Childless Women Do Not Lack "An Essential Humanity"

Childless Women Do Not Lack "An Essential Humanity"

An easy way to piss me off is to make a sweeping generalization about a large group of people and claim that they all possess the same characteristic. While it seems obvious to me that this is a wrong and misguided thing to do, there are actually people out there who do this. Not only do they make untrue generalizations, but sometimes their words are published on popular websites.

I should probably ignore things like this that piss me off, and most of the time I do. But every once in a while it's impossible. The example this time is a woman named Carol Sarler who wrote an article in the Daily Mail, putting down childless women. Not content to say something just slightly less offensive, she states that childless woman “lack an essential humanity.”

Much as I like to trumpet the importance of a woman's right to choose all things at all times, there's one choice I simply cannot understand: the choice of an otherwise sane and healthy woman not to have children. [...]

[If a woman] says she hasn't a shred of maternal feeling in her, moreover, if she says she would prefer to concentrate on her career and that a child would only get in the way of it, then my head might acknowledge her right to do so. But my heart whispers: 'Lady, you're weird.'

Sarler points to recent research that shows that “far from bosses and colleagues always being suspicious of a working mother, the opposite is becoming true: it is the childless woman who is regarded as cold and odd.” (When I read that, my first thought was that I’d really like someone to do a breakdown of the results of this study. I’ve seen Bella DePaulo tear through enough of these types of studies to be suspicious right from the beginning.)

If Sarler had worded her article in such a way that encouraged employers not to discriminate against hiring mothers, and also not to assume that childless workers are automatically harder working, that would be one thing. But Sarler says that mothers are the better workers and that bosses are right to distrust women who don't want children. Apparently, being childless means you’re out partying all the time.

It's not the mothers, for a start, who are going to turn up late and hungover after a night on the razz; they'll have been up, dressed and alert for hours, having cooked a family breakfast and delivered their children to school. On time.

Nobody appreciates being generalized about. I know plenty of childless women who have huge hearts; they certainly don’t booze it up every night and arrive at work late the next morning.
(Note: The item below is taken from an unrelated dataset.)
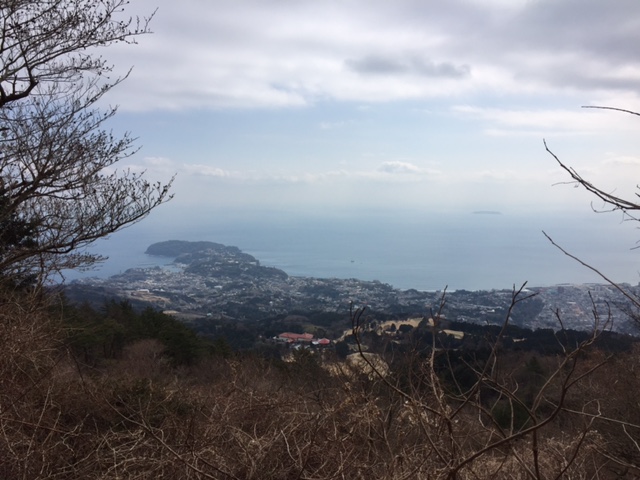 南郷山への道を登っていくと、湯河原の街が見えてきました。沖合に浮かぶのは大島ではなくて初島。右手奥には伊豆半島の大室山あたりが見えています。

In fact, they often do a better job as aunties and godmothers than a lot of mothers do with their own kids.

I’ve always leaned farther to the side of not having a child than being able to picture myself changing diapers and soothing temper tantrums. So when I hear these misguided and just plain wrong opinions about childless women, I’m even more positive that I could remain happy in the ranks of Women Who Are Awesome and Childless for the rest of my life.

What’s your opinion when you hear something like this?

Related Reading:

Amy Clare, guest blogging at The F Word, responds to Carol Sarler’s article by writing her an open letter.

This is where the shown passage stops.